Third, the Ninth Circuit noted the long-standing judicial interpretations of section 6213(a)’s filing deadline being jurisdictional. The Ninth Circuit wrote,

As noted earlier, the circuits have uniformly adopted a jurisdictional reading of § 6213(a) or its predecessor since at least 1928. See supra at 20. Congress presumptively “‘legislates against the backdrop of existing law,’” Parker Drilling Mgmt. Servs., Ltd. v. Newton, 139 S. Ct. 1881, 1890 (2019) (citation omitted), and despite multiple amendments to the Code (including two substantial overhauls in 1954 and 1986), Congress has never seen fit to disturb this long-settled understanding of § 6213(a). Cf. Fort Bend County v. Davis, 139 S. Ct. 1843, 1849 (2019) (“[T]he Court has stated it would treat a requirement as jurisdictional when a long line of Supreme Court decisions left undisturbed by Congress attached a jurisdictional label to the prescription.” (cleaned up)).

Slip op. at 25-26. In response, I would point out (as the Harvard clinic told the court) that the Supreme Court has never ruled one way or the other on whether the deficiency filing deadline is jurisdictional and has 7 times (most recently in the above quote from Fort Bend) stated that the stare decisis exception from the current treatment of claims processing rules (including filing deadlines) as not jurisdictional only applies to a long line of Supreme Court opinions. Reed Elsevier, Inc. v.

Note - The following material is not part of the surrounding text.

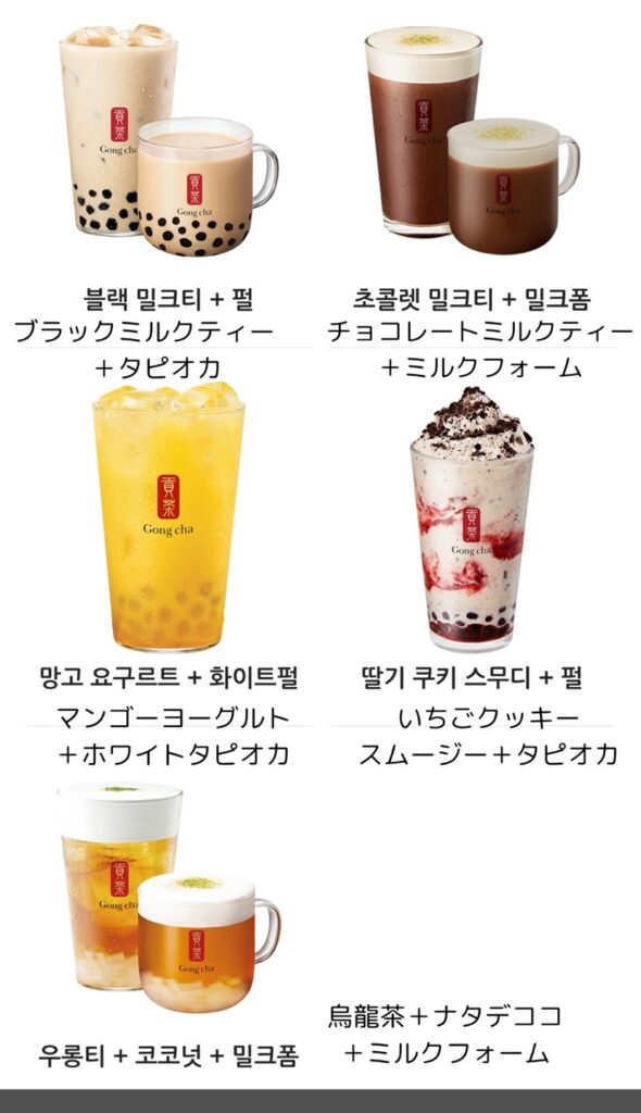 (引用元ゴンチャジャパン公式サイトGong cha Japan|ゴンチャ ジャパン|貢茶 Japan | 台湾茶 | アジアン ティー カフェ、ゴンチャコリア公式サイト공차 (gong-cha.co.kr))

Muchnick, 559 U.S. 154, 173-174 (2010) (Ginsburg, J, concurring, joined by Stevens and Breyer, JJ.) (“[I]n Bowles and John R. Sand & Gravel Co. . . . we relied on longstanding decisions of this Court typing the relevant prescriptions ‘jurisdictional.’ Amicus cites well over 200 opinions that characterize § 411(a) as jurisdictional, but not one is from this Court. . . .”; emphasis in original; citations omitted). All the opinions on which the Ninth Circuit relies are opinions of lower courts. Sigh.

Finally, in prior posts, I have mentioned the CDP case dismissed for late filing for lack of jurisdiction that is before the Eighth Circuit, Boechler, P.C. v. Commissioner, Eighth Circuit Docket No. 19-2003. In that case, the parties are litigating whether the CDP Tax Court filing deadline at section 6330(d) is still jurisdictional and not subject to equitable tolling. Oral argument occurred in Boechler the day before the Ninth Circuit ruled in Organic Cannabis. The day Organic Cannabis was issued, the DOJ immediately brought the opinion to the attention of the Eighth Circuit through an FRAP 28(j) letter.